The planning and implementation of backup and recovery plans, the steps involved and guidelines are discussed under the following sections:
  • Creating a solid backup plan
  • Determine where to store backups
  • Things to keep in mind
  • Determine when to backup databases
  • Restoring databases
  • Creating a solid disaster recovery plan
  • Tips to save your life as a DBA
Creating a solid backup plan 
Nothing strikes fear into the hearts of managers, users and administrators than a server crashing and data becoming corrupted. A few short years ago, this would have been relatively important. But nowadays, it is absolutely vital and is one of the most serious things that can happen to a company. This is because, the data contained in the databases represents the competitive advantage of a company and its entire lifeblood. Losing key data can be catastrophic to a company.

Therefore, it is absolutely imperative that the DBA constructs a solid and reliable backup strategy so that in the event of a disaster the data can be recovered. The main questions that need to be answered while coming up with a backup strategy are:
1. How frequently does the data change in our system?

2. What is the downtime allowed for the production server in case of failure?

3. For determining the maintenance window, what is the time of the day, week and month when the database server is likely to have minimum activity - i.e. minimum updates?

4. How much is the enterprise willing to invest in data backup strategies? This is directly answered by addressing the question - how crucial is the data? Is it mission critical?

5. How much data loss is acceptable to the company?

6. How do we plan to recover the data in case of a failure?

Determine where to store backups 
As we learnt before, SQL Server can back up to hard disk, tapes or named pipe devices. This question above pertains to making a decision as to what media does a company want to use for an efficient backup and restore strategy. While browsing over that question, consider the following facts:
Disk File Backups: Disk backups will store the data on a physical disk i.e. simply a hard drive or a disk array. Disk backups can be performed locally or over the network. They are the most common and easiest medium for storing backups. Once a database has been backed up to a disk file, it can in turn be backed up to tape as a part of the regular enterprise file system backup (on tape). Thus, in case of corrupt or lost data, the disk files will have to be restored from tape and then restore the database into SQL Server from the disk files.

Tape Backup: When you back up databases directly to a tape, the tape drive must be attached locally to the SQL Server. Backing up to remote tape devices is not supported. However, you can have multiple tape devices attached to a single SQL Server. These tapes can then be moved to another location for off-site storage.

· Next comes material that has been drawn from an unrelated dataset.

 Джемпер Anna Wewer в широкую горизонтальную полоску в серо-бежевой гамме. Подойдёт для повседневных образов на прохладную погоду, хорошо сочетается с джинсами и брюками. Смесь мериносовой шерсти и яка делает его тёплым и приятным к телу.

Named Pipe backups: SQL Server provides the ability to backup data to a named pipe to allow users to take advantage of the backup and restore features of third-party software packages.
Things to keep in mind 
A fact to always remember is that a database can be backed up while it is online and active. That means, it is actively being utilized by clients while it is being backed up. So the database server doesn't have to be down while performing backups. However, it should surely be in a state where it is minimally utilized at that time. This is because, the following operations cannot take place during the backup process:
Creating or deleting database files.
Creating indexes.
Performing non-logged operations.
Shrinking a database.
If you attempt to start a backup operation when one of these operations is in progress, the backup operation aborts. If a backup operation is already in progress and one of these operations is attempted, the operation fails and the backup operation continues.

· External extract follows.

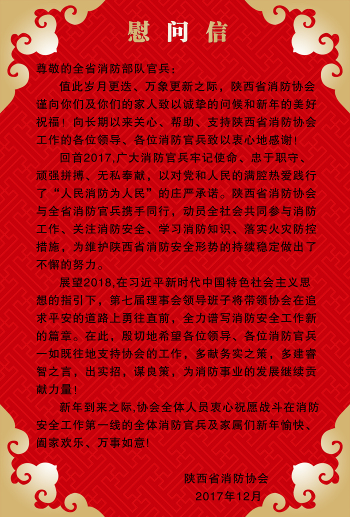 致全省消防部队官兵、全体会员单位、各社会单位的慰问信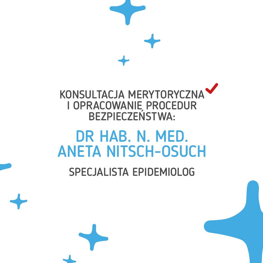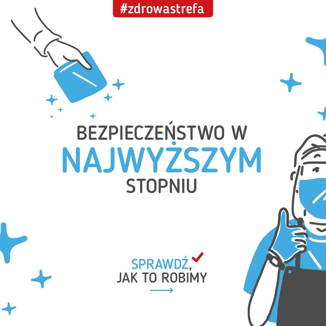 Nazwana przez nas dumnie #zdrowastrefa, to specjalnie dla nas opracowane przez Panią dr hab. n. med. Anetę Nitsch-Osuch - specjalistę epidemiolog, procedury bezpieczeństwa wraz z merytoryczną konsultacją dot. szkoleń naszych Pracowników.

While online backups are supported, you can't do online restores. During a restore operation, the database must not be in use.
Determine when to backup databases 
Your decision as to when and how often you back up your database depends on your particular business environment and the degree of importance of the application. There are also times when you may need to perform unscheduled backups.
Backing up system databases:
The system databases need to be backed up just as user databases are backed up. This allows the system to be rebuilt in the event of system or database failure, for example, if a hard disk fails. Please note that it is always a good practice to create a separate maintenance plan for backing up the system databases and not mix it with the user databases. Within that too, backup the master separately from the other system databases. This is because only full backups of master database are allowed.

The system databases in SQL Server are: master, msdb, model, tempdb, distribution. It is important to have regular backups of these system databases, however, it is not necessary to back up the tempdb system database because it is rebuilt each time SQL Server is started. When SQL Server is shut down, any data in tempdb is deleted permanently. For this reason, do not store any application specific data in the tempdb database. Leave it exclusively for use by SQL Server.

Again, model database needs to be backed up only if it is customized. Similarly distribution database comes into picture only if the server is configured as a Replication Distributor.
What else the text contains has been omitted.